1°) d'annuler les arrêtés du 31 juillet 2025 par lesquels le préfet des Hauts-de-Seine l'a obligé à quitter le territoire français sans délai, a fixé le pays de destination, lui a interdit de retourner sur le territoire français pendant une durée de deux ans et l'a assigné à résidence dans le département des Hauts-de-Seine pour une durée de quarante-cinq jours renouvelable ;

2°) d'enjoindre au préfet des Hauts-de-Seine de procéder à l'effacement de son signalement au système d'information Schengen ;

3°) de mettre à la charge de l'Etat la somme de 1 000 euros au titre de l'article L. 761-1 du code de justice administrative.

Vu les autres pièces du dossier.

Vu :

- le code de l'entrée et du séjour des étrangers et du droit d'asile ;

- le code de justice administrative.

Considérant ce qui suit :

1. Aux termes de l'article R. 222-1 du code de justice administrative : " () Les présidents de tribunal administratif () peuvent, par ordonnance : () / 4° Rejeter les requêtes manifestement irrecevables, lorsque la juridiction n'est pas tenue d'inviter leur auteur à les régulariser (). ".

2. L'article L. 614-1 du code de l'entrée et du séjour des étrangers et du droit d'asile dispose que : " La décision portant obligation de quitter le territoire français ainsi que la décision relative au séjour, la décision relative au délai de départ volontaire et l'interdiction de retour sur le territoire français qui l'accompagnent, le cas échéant, peuvent être contestées devant le tribunal administratif selon la procédure prévue à l'article L. 911-1. ". Aux termes de l'article L. 614-2 du même code : " Par dérogation à l'article L. 614-1, lorsque l'étranger est assigné à résidence en application de l'article L. 731-1, la décision portant obligation de quitter le territoire français ainsi que la décision relative au séjour, la décision relative au délai de départ volontaire et l'interdiction de retour sur le territoire français qui l'accompagnent, le cas échéant, peuvent être contestées devant le tribunal administratif selon la procédure prévue à l'article L. 921-1 (). ". Enfin, l'article L. 921-1 du même code dispose que : " Lorsqu'une disposition du présent code prévoit qu'une décision peut être contestée selon la procédure prévue au présent article, le tribunal administratif peut être saisi dans le délai de sept jours à compter de la notification de la décision (). ".

3. Par des arrêtés du 31 juillet 2025, le préfet des Hauts-de-Seine a obligé M. A B à quitter le territoire français, a fixé le pays de destination de cette mesure d'éloignement, lui a interdit de retourner en France pendant deux ans et l'a assigné à résidence pour une durée de quarante-cinq jours dans le département des Hauts-de-Seine.
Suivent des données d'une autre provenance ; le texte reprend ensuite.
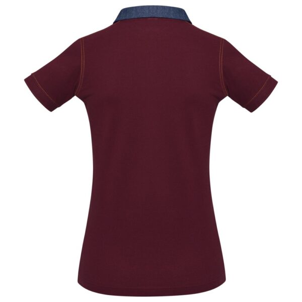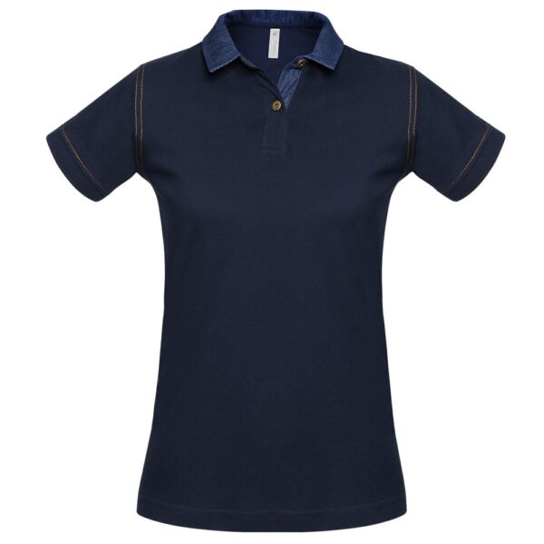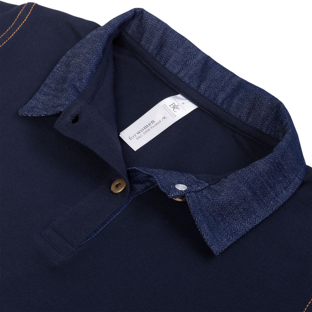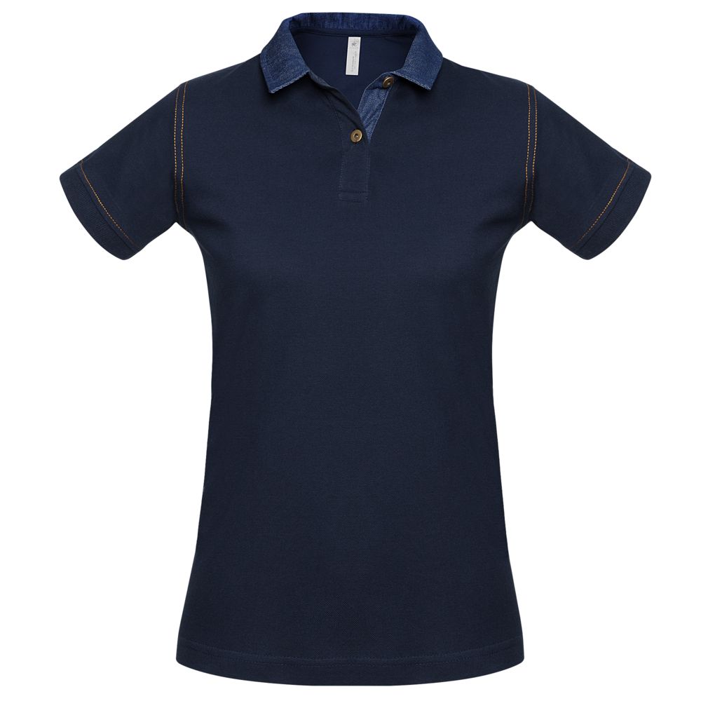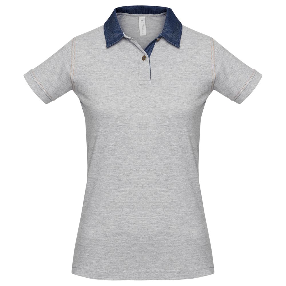 Рубашка поло с джинсовым воротником и контрастной отстрочкой.

Il ressort des pièces du dossier que ces décisions ont été notifiées à M. A B le même jour à 18h00 et que ces notifications comportaient les mentions des voies et délais de recours. Or, la requête présentée par M. A B n'a été enregistrée au greffe du tribunal que le 12 août 2025, postérieurement à l'expiration du délai de recours contentieux de sept jours dont il disposait. Par suite, la présente requête, qui est entachée d'une irrecevabilité manifeste insusceptible d'être couverte en cours d'instance, ne peut qu'être rejetée.

O R D O N N E :

Article 1er : La requête de M. A B est rejetée.

Article 2 : La présente ordonnance sera notifiée à M C A B.

Fait à Cergy, le 13 août 2025.

La première vice-présidente,

signé

C. Grenier

La République mande et ordonne au préfet des Hauts-de-Seine en ce qui le concerne ou à tous commissaires de justice à ce requis en ce qui concerne les voies de droit commun contre les parties privées, de pourvoir à l'exécution de la présente décision.